Leicht verletzliche Kulturkämpfer
Bücher werden inhaltlich gesäubert, Filme und Serien mit Warnhinweisen versehen – In der Kunst breitet sich der Tugendterror aus
Harald Tews

Die Kultur wird in den kommenden Jahren einen großen Wandel erleben. Das hat weniger mit den Auswirkungen der Pandemie auf die Kulturszene zu tun als mit einem Kulturkampf, dessen Anfänge wir gerade erleben. Wenn weiße Übersetzer ohne Migrationshintergrund nicht mehr oder nicht nur alleine das Werk einer afroamerikanischen Dichterin übersetzen dürfen, wie im Falle von Amanda Gorman mit ihrem Huldigungsgedicht auf Joe Biden jüngst in Spanien, den Niederlanden oder eben auch in Deutschland zu erleben (die PAZ berichtete), dann ist das nur eines von vielen Anzeichen dieser kulturellen Revolution.

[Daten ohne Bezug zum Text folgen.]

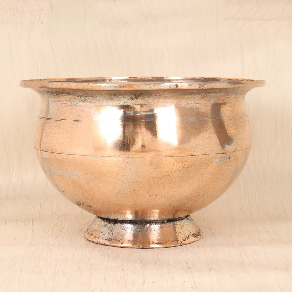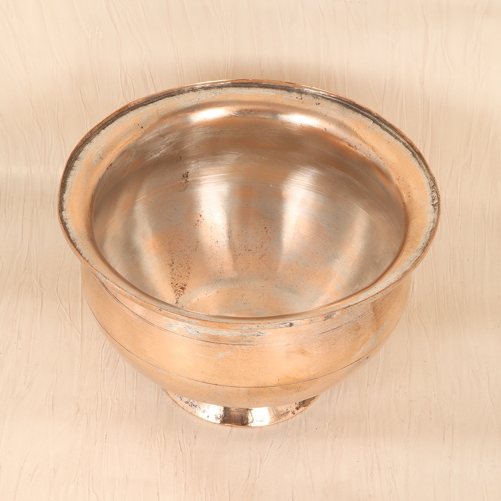 Introduce the captivating essence of Islamic artistry into your home with this exquisite copper fruit bowl, a statement piece that will elevate your dining experience. Meticulously crafted by skilled artisans, this bowl features intricate patterns and motifs that pay homage to the region's iconic design heritage, infusing your space with a touch of cultural sophistication. Beyond its visual appeal, this bowl's sturdy copper construction ensures exceptional durability, resisting tarnish and corrosion for years to come. The generous diameter provides ample space to beautifully display a bountiful array of fresh, seasonal produce, creating a visually stunning centerpiece that will captivate your guests. Versatile in its design, the bowl's plain brown finish seamlessly complements a variety of décor styles, from rustic and earthy to modern and minimalist. Pair it with natural wood accents and lush greenery for a harmonious, nature-inspired look, or let it shine as the focal point of a more formal, elegant dining area. Elevate your everyday with this captivating copper fruit bowl, a timeless piece that celebrates the rich cultural heritage of the Islamic world while adding a touch of refined sophistication to your home.
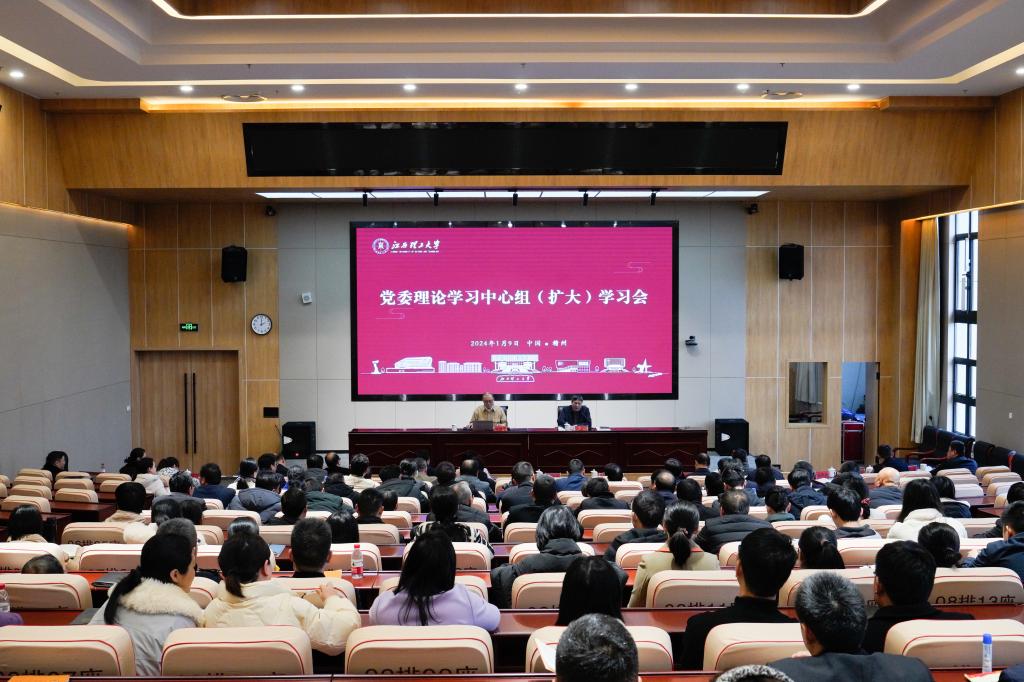 在三江校区启航会议中心1号会议厅召开党委理论学习中心组(扩大)学习会。江西省公安厅国保总队政委胡频庚受邀作题为《维护高校政治安全》的专题辅导报告。全体在家校领导、校党委常委、金年会

Eine Minderheit von links-alternativen-feministischen-LGBT+ (Lesben, Schwule, Bisexuelle, Transgender etc.) -Aktivisten, die sich für aufgeklärt hält oder – wie es im Englischen heißt – für „woke“ (wach, erwacht), will eine Gender-Sprache durchdrücken, gegen „kulturelle Aneignung“ ankämpfen und generell die „Herrschaft“ des – natürlich rassistischen – „alten weißen Mannes“ beenden.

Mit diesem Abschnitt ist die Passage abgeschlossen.